Alcohol and folate (both dietary and supplemental) intakes were assessed using an interviewer-administered Block food frequency questionnaire that was modified slightly to include regional and ethnic foods commonly consumed in a Southern population [9]. Dietary folate was estimated from the folate content, amount, and frequency of consumption for folate-containing foods on the FFQ. Participants were asked if they took supplemental folate or multivitamins on a regular basis. Individual supplemental folate intake was estimated from the formulation of the most common over-the-counter multivitamin supplements used in the study population (400ug folate). Only 31 participants, or 2% cases and 2% controls, reported taking folate supplements alone (i.e., as a single vitamin, not in a multivitamin). In summary, total folate intake was defined as the sum of dietary and supplemental folate intake, as recommended by the Food and Drug Administration [10].

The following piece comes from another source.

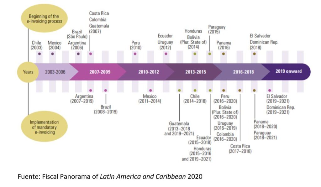 Línea de tiempo de implementación de la Factura Electrónica.Para continuar apoyando a los países a fortalecer su control tributario a través del uso de la factura electrónica, organizamos en agosto de 2020 un webinar con nuestra red de expertos, donde representantes de las administraciones tributarias de los principales países de la región compartieron sus soluciones. La evasión es aún un desafío grande en la región. Estudios muestran que los niveles promedio de incumplimiento del IVA para un grupo seleccionado de 12 países de América Latina y el Caribe se han mantenido en alrededor del 30%.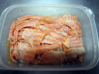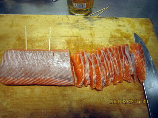 | 12/27 | ・ぶり、鮭、さばの塩漬け ぶり、さけの棒状の刺身に、塩を振り冷蔵庫に12時間寝かせます。さっと水洗い後、水分をとり3ミリぐらいの厚さで切ります。 上段:ぶりは皮付きなので安い、皮をはぎます。血合い の箇所が脂がのっておいしそうなので時々切ってはおつまみします。右は塩を振った状態。 下段左:トラウトサーモンにもトロサーモン部分があるので醤油をつけて一部いただきま〜す。写真は塩を振った状態です。 |

Blood samples were obtained from 86% of cases and 83% of controls from which DNA was extracted for genotyping. Cases and controls who provided blood samples were more likely to be male, white, and never-smokers (p<0.01), as previously reported [8]. No other differences between those who provided blood samples and those who did not were noted for variables such as age, education level, income, family history of colorectal cancer, or total meat intake. Five SNPs in four genes involved in the folate metabolism pathway were genotyped. The genotyping assays for the MTHFR C677T (rs1801133) and A1298C (rs1801131) polymorphisms have been described previously [11].[5] For the genotyping of MTRR A66G (rs1801394), MTR A2756G (rs1805087) and SHMT C1420T (rs1979277), TaqMan® probes and primers were based on the genetic sequences from the SNP500 website (www.SNP500cancer.nci.hin.gov) and the TaqMan® assays were designed using the Applied Biosystems’ Assays-by-DesignSM service. PCR reactions consisted of unlabeled PCR primers, allele specific TaqMan® MGB probes (FAM and VIC® dye-labeled), 1x TaqMan® Universal PCR Master Mix, No AmpErase® UNG, and 15 ng of genomic DNA. PCR reactions were performed in a 15.0 uL reaction volume using the Hot-Start format. PCR amplification was run on a Perkin Elmer GenAmp® 9700 thermocycler using the 9600 mode under the following conditions: 1 cycle of 50.0° C for 2 minutes (AmpErase® UNG Activation), 1 cycle of 95.0° C for 10 minutes (AmpliTaq Gold Activation), followed by 40 cycles of 92.0° C for 15 seconds of denaturation and appropriate annealing temperature for 1 minute.

Genomic controls obtained from the Coriell Tissue Repository (Camden, New Jersey) were used as positive controls. Samples that did not amplify or could not be scored were repeated. Samples that did not amplify on the second run were scored as undetermined. For quality control, a randomly selected 10% of samples were repeated. All of the 10% repeat results were found to be identical to the initial analysis. Hardy Weinberg Equilibrium was examined for each SNP using a goodness of fit χ2 test to compare the observed genotype frequencies with expected genotype frequencies based on the observed allele frequencies.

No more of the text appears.